REQUIRED ACTION
Beneath this instruction is a block of data; output from it exactly the lines that run from the one containing "Trump anuncia que" through the one containing "立命館大学 情報理工学部では、2011年度に「ICT Challenge", inclusive.

DATA SUPPLIED
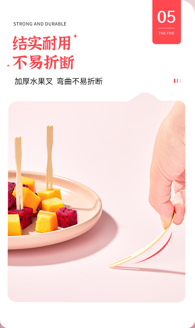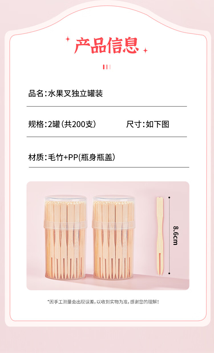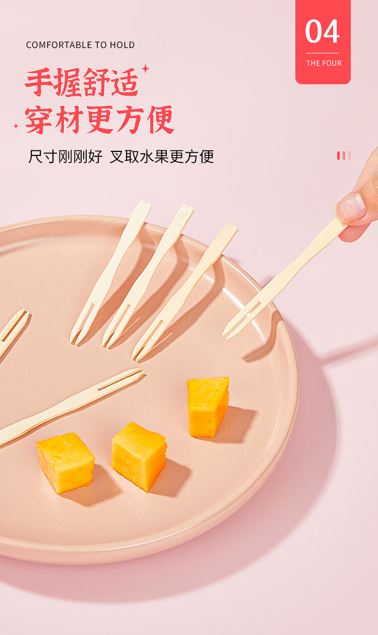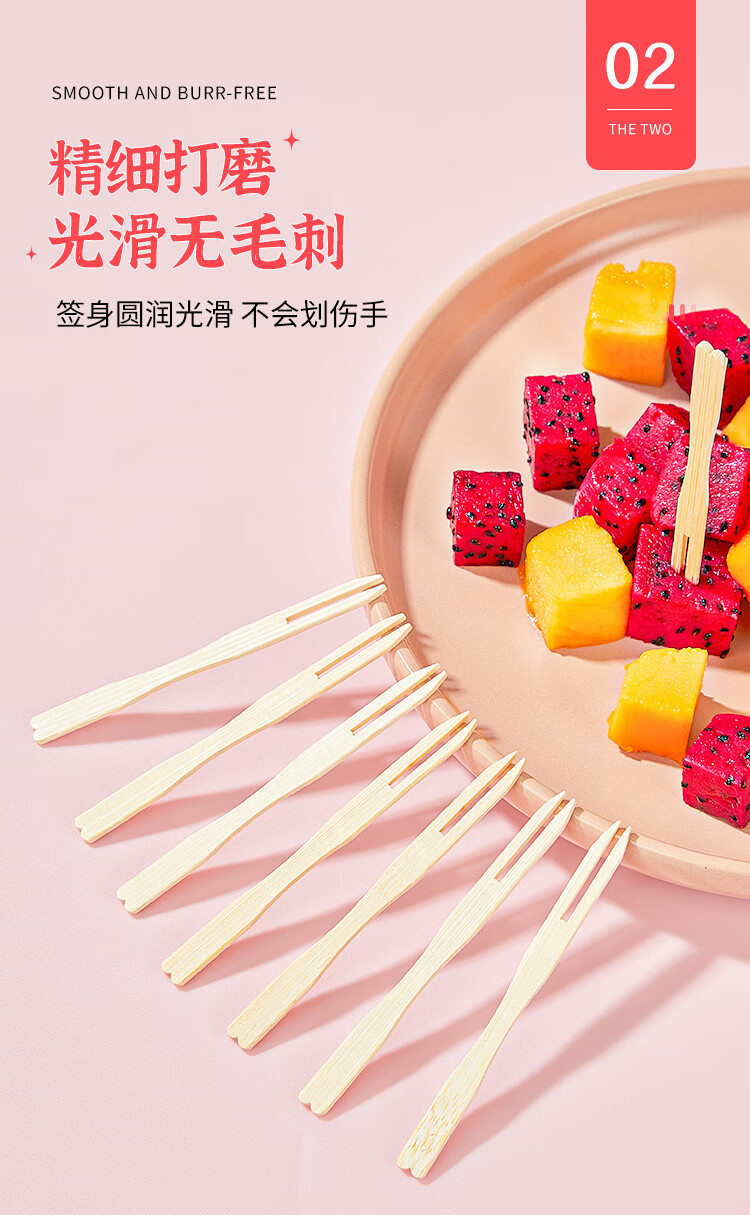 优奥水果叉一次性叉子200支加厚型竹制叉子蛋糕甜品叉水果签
* * *
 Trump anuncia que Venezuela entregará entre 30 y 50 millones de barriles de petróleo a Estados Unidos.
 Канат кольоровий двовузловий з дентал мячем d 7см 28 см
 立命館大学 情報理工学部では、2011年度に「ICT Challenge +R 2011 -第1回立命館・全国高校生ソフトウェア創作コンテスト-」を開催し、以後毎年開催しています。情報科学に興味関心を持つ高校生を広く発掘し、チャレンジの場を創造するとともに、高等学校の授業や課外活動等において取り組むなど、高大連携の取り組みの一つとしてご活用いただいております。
==
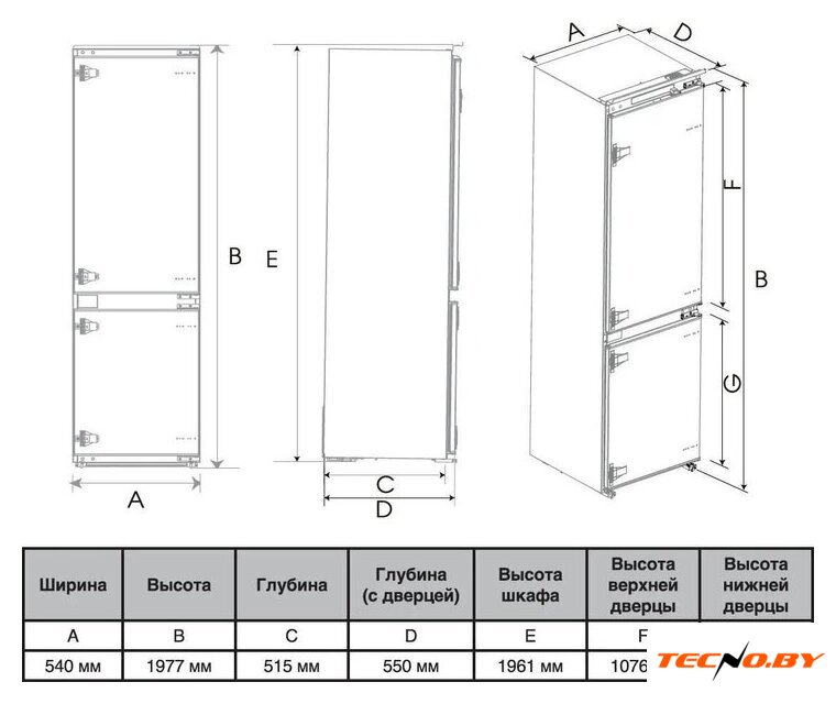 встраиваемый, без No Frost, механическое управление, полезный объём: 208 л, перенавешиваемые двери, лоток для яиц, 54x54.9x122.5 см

TASK RESPONSE
 Trump anuncia que Venezuela entregará entre 30 y 50 millones de barriles de petróleo a Estados Unidos.
 Канат кольоровий двовузловий з дентал мячем d 7см 28 см
 立命館大学 情報理工学部では、2011年度に「ICT Challenge +R 2011 -第1回立命館・全国高校生ソフトウェア創作コンテスト-」を開催し、以後毎年開催しています。情報科学に興味関心を持つ高校生を広く発掘し、チャレンジの場を創造するとともに、高等学校の授業や課外活動等において取り組むなど、高大連携の取り組みの一つとしてご活用いただいております。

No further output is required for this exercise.